- _Problem details_
Using the data that follows, output only the lines from the line with "Ultraleichte abgesteppte Weste" up to and including the line with "Zásuvková skříň FAMATEL", exactly, leaving pictures aside.

- _Given data_
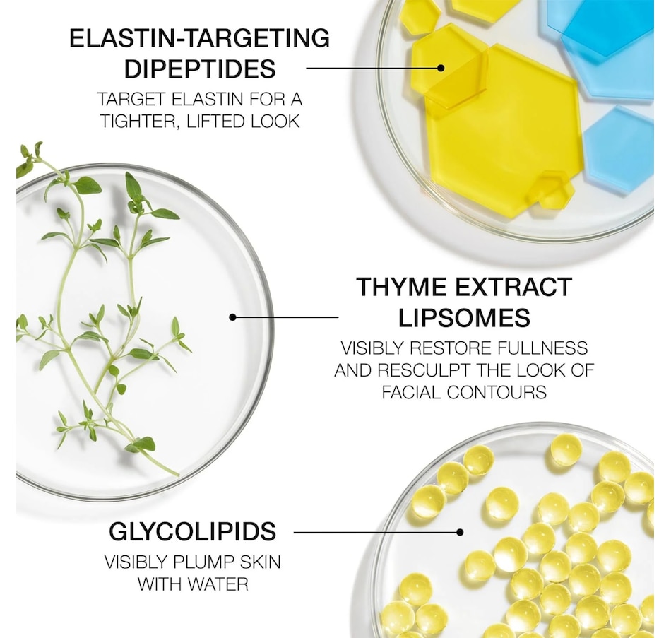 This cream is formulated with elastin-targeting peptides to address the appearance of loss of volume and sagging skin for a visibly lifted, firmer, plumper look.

...

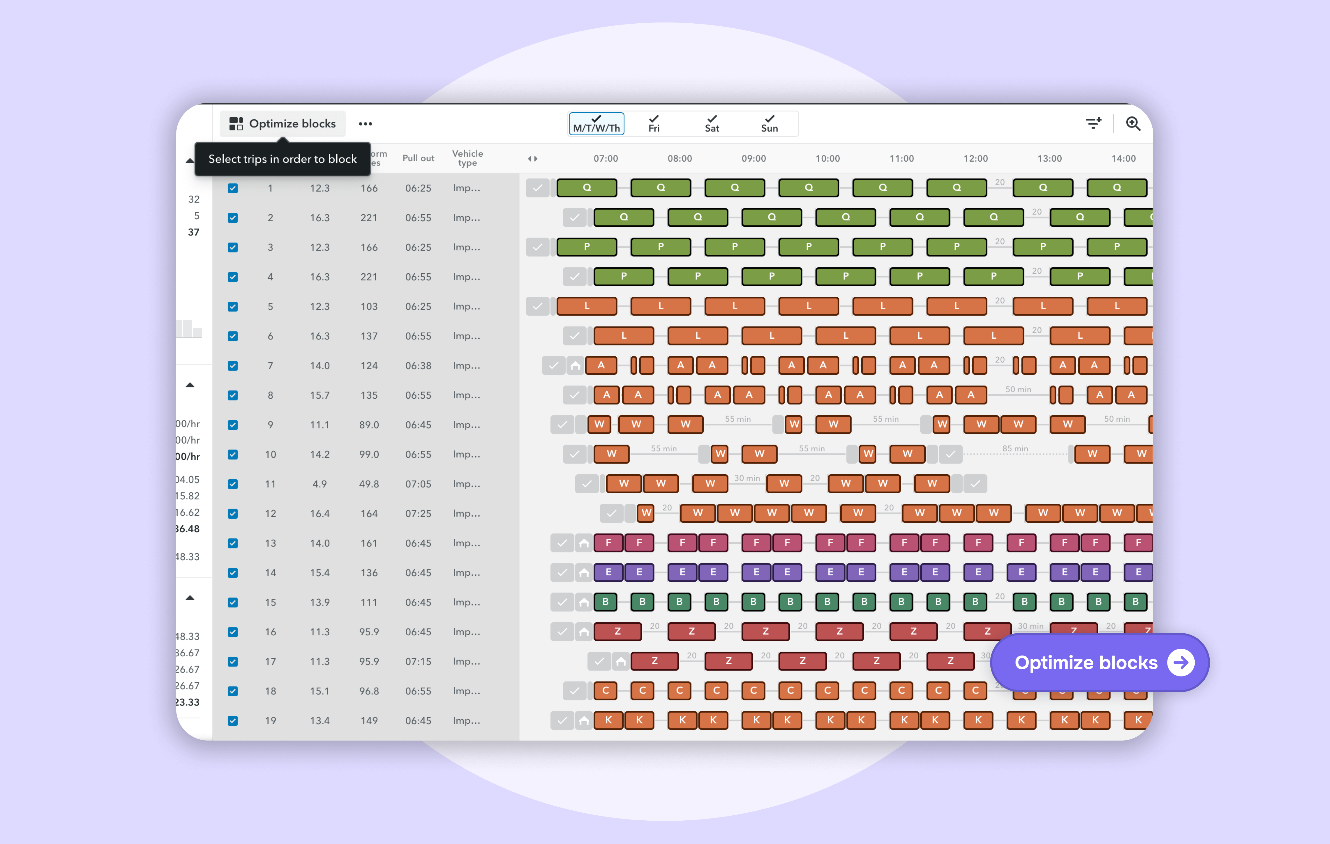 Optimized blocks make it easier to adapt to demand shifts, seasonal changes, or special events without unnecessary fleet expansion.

==

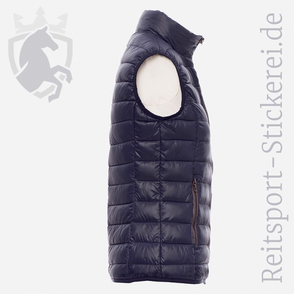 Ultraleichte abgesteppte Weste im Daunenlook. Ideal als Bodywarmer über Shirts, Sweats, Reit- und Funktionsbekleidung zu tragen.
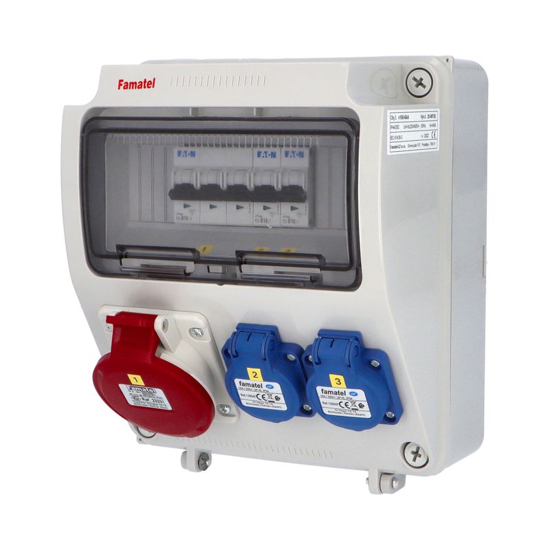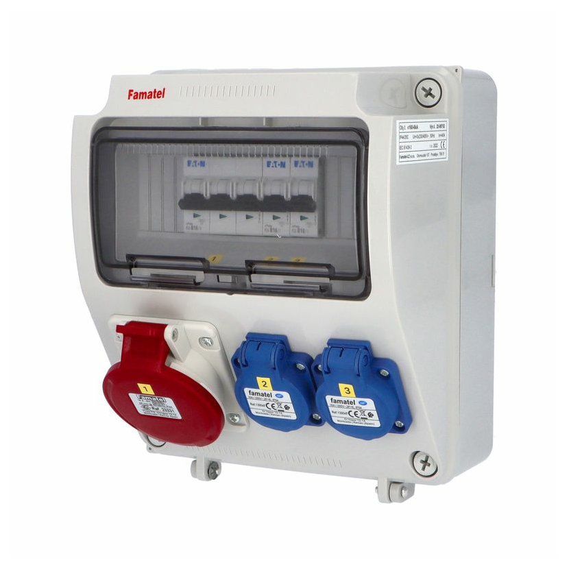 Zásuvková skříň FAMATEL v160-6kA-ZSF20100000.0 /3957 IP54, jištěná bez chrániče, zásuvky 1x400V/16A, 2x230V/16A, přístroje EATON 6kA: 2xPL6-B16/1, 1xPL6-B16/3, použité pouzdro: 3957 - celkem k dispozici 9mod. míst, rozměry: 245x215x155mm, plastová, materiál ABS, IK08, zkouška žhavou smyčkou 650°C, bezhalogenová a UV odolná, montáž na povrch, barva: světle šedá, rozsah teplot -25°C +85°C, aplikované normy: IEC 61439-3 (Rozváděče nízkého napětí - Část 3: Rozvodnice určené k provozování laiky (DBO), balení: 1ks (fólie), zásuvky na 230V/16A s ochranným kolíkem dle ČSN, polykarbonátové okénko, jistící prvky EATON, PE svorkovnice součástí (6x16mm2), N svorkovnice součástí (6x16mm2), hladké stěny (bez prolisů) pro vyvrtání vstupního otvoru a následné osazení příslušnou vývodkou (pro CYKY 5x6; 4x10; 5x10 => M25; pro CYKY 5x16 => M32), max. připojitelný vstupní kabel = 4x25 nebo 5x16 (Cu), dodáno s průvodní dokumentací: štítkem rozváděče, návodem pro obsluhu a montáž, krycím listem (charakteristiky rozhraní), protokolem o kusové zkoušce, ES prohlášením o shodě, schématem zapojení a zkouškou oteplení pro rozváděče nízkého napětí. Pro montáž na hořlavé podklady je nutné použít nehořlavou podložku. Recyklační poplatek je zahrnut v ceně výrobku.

- _Answer space_
 Ultraleichte abgesteppte Weste im Daunenlook. Ideal als Bodywarmer über Shirts, Sweats, Reit- und Funktionsbekleidung zu tragen.
 Zásuvková skříň FAMATEL v160-6kA-ZSF20100000.0 /3957 IP54, jištěná bez chrániče, zásuvky 1x400V/16A, 2x230V/16A, přístroje EATON 6kA: 2xPL6-B16/1, 1xPL6-B16/3, použité pouzdro: 3957 - celkem k dispozici 9mod. míst, rozměry: 245x215x155mm, plastová, materiál ABS, IK08, zkouška žhavou smyčkou 650°C, bezhalogenová a UV odolná, montáž na povrch, barva: světle šedá, rozsah teplot -25°C +85°C, aplikované normy: IEC 61439-3 (Rozváděče nízkého napětí - Část 3: Rozvodnice určené k provozování laiky (DBO), balení: 1ks (fólie), zásuvky na 230V/16A s ochranným kolíkem dle ČSN, polykarbonátové okénko, jistící prvky EATON, PE svorkovnice součástí (6x16mm2), N svorkovnice součástí (6x16mm2), hladké stěny (bez prolisů) pro vyvrtání vstupního otvoru a následné osazení příslušnou vývodkou (pro CYKY 5x6; 4x10; 5x10 => M25; pro CYKY 5x16 => M32), max. připojitelný vstupní kabel = 4x25 nebo 5x16 (Cu), dodáno s průvodní dokumentací: štítkem rozváděče, návodem pro obsluhu a montáž, krycím listem (charakteristiky rozhraní), protokolem o kusové zkoušce, ES prohlášením o shodě, schématem zapojení a zkouškou oteplení pro rozváděče nízkého napětí. Pro montáž na hořlavé podklady je nutné použít nehořlavou podložku. Recyklační poplatek je zahrnut v ceně výrobku.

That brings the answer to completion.